Вот и сейчас, наверное, один из этих ископаемых гигантов стоял на расстоянии всего нескольких метров от Нины, и только обычное окно разделяло их. Этот паук вылезал по ночам из норы, а под утро зарывался обратно под землю или уползал куда-нибудь в тоннель метро, скрываясь от людей и яркого солнечного света
«Надо закрыть глаза, надо закрыть глаза», — давала себе команду девочка, но в ее глазах словно торчало по спичке, сдерживая веки и не разрешая им зажмуриться. Девичье сердечко билось громко и быстро, Нина испугалась, что этот живой сердешный звук может услышаться наружи. Она безотрывно смотрела на длинное жало, замершее посреди комнаты и угадывающееся сквозь тонкий, как паутина, тюль, и краем глаза заметила, как за окошком двинулась черная тень, полностью закрыв на мгновение скудный дворовый фонарь. Потом она услышала, как ее тихо позвали. Голос доносился из форточки, но, казалось, был совсем рядом, словно кто-то шептал ей на ухо:
— Ни-и-и-на-а-а…. Ни-и-и-на-а-а-а-а… Малы-ы-ы-ы-ы-ш-ш-ш-ш-ш…

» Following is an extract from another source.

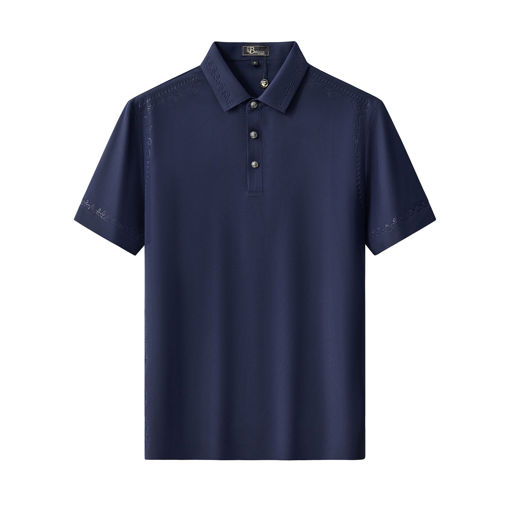 A refined interpretation of modern luxury, the Ornate Trim Polo elevates the classic silhouette with intricate tonal detailing along the collar, sleeves, and shoulders. Crafted from a smooth performance-stretch fabric, it delivers a polished drape, breathable comfort, and a sophisticated minimalist aesthetic suited for upscale or everyday styling.
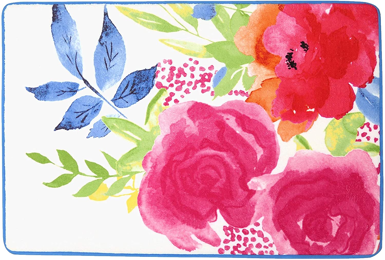 Floral Burst Bath Rug 20 X 30 White Memory Foam

Голос с придыханием, тихий и завораживающий, уже знакомый. Сердчишко бешено заколотилось, пытаясь достучаться до своей хозяйки. По девочке прошла судорога, словно ее мощно ударило током. Она вцепилась в одеяло, зажевав кусок его, чтоб не закричать, затряслась вся мелким бесом и, скорчив рожицу, как грудничок перед кормежкой, обмочилась, беззвучно заплакав…
Она точно знала, она была просто уверена, что за окном стоит огромный паук с головой того дядьки, с мелкими злыми глазками, жадный и не знающий пощады, который разузнал, что взрослых нет дома и самое время поживиться молодой кровушкой. Нина еще сильнее вжалась в теплую лужу под собой, вспомнив некстати картинку из энциклопедии про камбалу, которая зарывалась в песчаное дно, чтоб ее не заметили. Она была готова, что паучье жало вот-вот уткнется ей в бок, проткнет насквозь и утащит в форточку. Нину заколотило еще сильнее, она выдернула изо рта одеяло и заорала:
— А-а-а-а-а-а-а-а-а-а-а-а!!!!!!!!
Жало дернулось и попятилось. Но Нина этого не увидела — она вконец расплакалась, всхлипывая и размазывая по щекам сопли и слезы. Она первый раз плакала так яростно и самозабвенно, пытаясь выплакать весь этот ужас, смыть горючими слезами, прогнать, забыть. Она все рыдала и рыдала, а потом, устав сотрясаться и совершенно обессилев, стала просто тихонько выть. Но на вой сил тоже не оставалось — слышались лишь редкие всхлипывания. Глаза ее закрывались, веки тяжелели, и у нее уже не получалось отделить сон от яви. Девочка так и заснула на мокрой пахучей простыне и подушке, пропитанной горячими солеными слезами, заснула, спасаясь от страшного, поджидающего ее у окошка человека-паука или кто это там был.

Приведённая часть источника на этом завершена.